§ **Exercise details**:
Where an entry contains an image, skip the image and print the rest exactly.

(Data items)

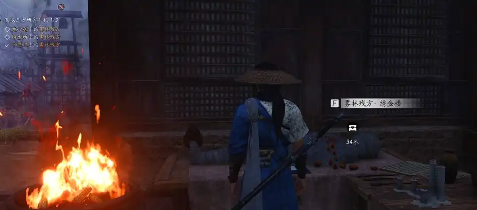 如图所示这个据点是位于“隐居林北”传送点的下方,玩家要消灭据点内的9个敌人才能达成攻占条件。无伤条件(仅限首通)需要从正面进入进去,用“悬壶望气”治疗谢休羽,这里需要悬壶的造诣达到1500以上。据点里面一共有4个宝箱,分别是是在囚笼旁、大水缸旁、瞭望台上、房屋内茶几旁。据点宝箱很好找,就在练功的木桩附近。而雾林残方则是位于房屋内火盆旁。
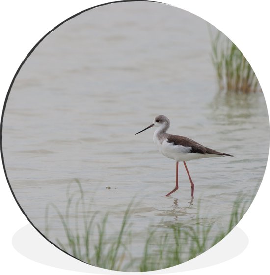 Echasse à ailes noires patauge dans le cercle mural en eau peu profonde aluminium ⌀ 30 cm - impression photo sur cercle mural / cercle vivant / cercle de jardin (décoration murale)
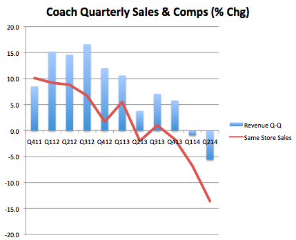 Aspirational brand Coach (COH +4.93%) has been terrible. The appearance of rival affordable luxury bag makers Michael Kors (KORS +2.86%) and Kate Spade (KATE +0.00%) gave consumers (and investors) an outlet for modifying their upwardly mobile tastes away from a brand they became all too accustomed to. While business has been horrible, there may be reason to believe it's only going to get worse.
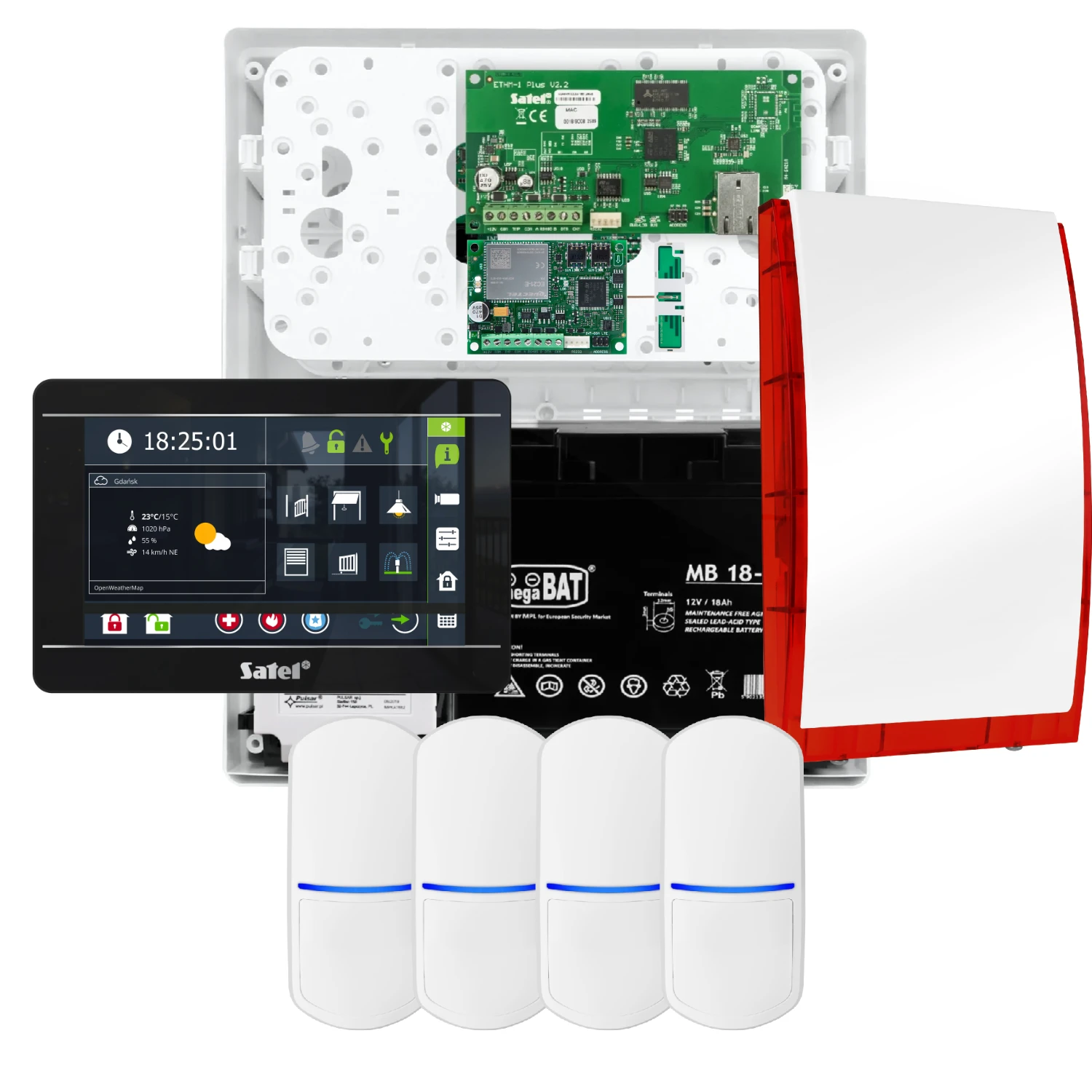 Zestaw alarmowy SATEL INTEGRA 32, 4x czujka , sygnalizator, czarny manipulator INT-TSI-B, komunikacja LTE
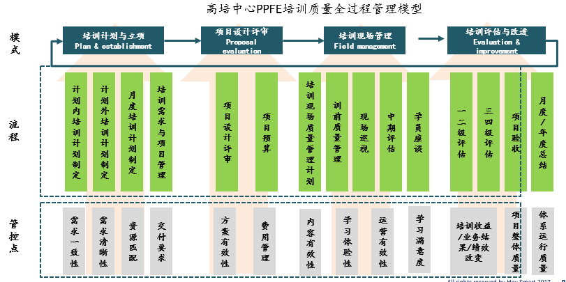PPFE模型既有宏观管理,又有微观管理;既照顾到了培训全流程,又考虑了资源的投入产出。PPFE模型的设计基于“模式-流程-管控点”三级维度(见图表1)。

§ **Reply**:
 如图所示这个据点是位于“隐居林北”传送点的下方,玩家要消灭据点内的9个敌人才能达成攻占条件。无伤条件(仅限首通)需要从正面进入进去,用“悬壶望气”治疗谢休羽,这里需要悬壶的造诣达到1500以上。据点里面一共有4个宝箱,分别是是在囚笼旁、大水缸旁、瞭望台上、房屋内茶几旁。据点宝箱很好找,就在练功的木桩附近。而雾林残方则是位于房屋内火盆旁。
 Echasse à ailes noires patauge dans le cercle mural en eau peu profonde aluminium ⌀ 30 cm - impression photo sur cercle mural / cercle vivant / cercle de jardin (décoration murale)
 Aspirational brand Coach (COH +4.93%) has been terrible. The appearance of rival affordable luxury bag makers Michael Kors (KORS +2.86%) and Kate Spade (KATE +0.00%) gave consumers (and investors) an outlet for modifying their upwardly mobile tastes away from a brand they became all too accustomed to. While business has been horrible, there may be reason to believe it's only going to get worse.
 Zestaw alarmowy SATEL INTEGRA 32, 4x czujka , sygnalizator, czarny manipulator INT-TSI-B, komunikacja LTE
PPFE模型既有宏观管理,又有微观管理;既照顾到了培训全流程,又考虑了资源的投入产出。PPFE模型的设计基于“模式-流程-管控点”三级维度(见图表1)。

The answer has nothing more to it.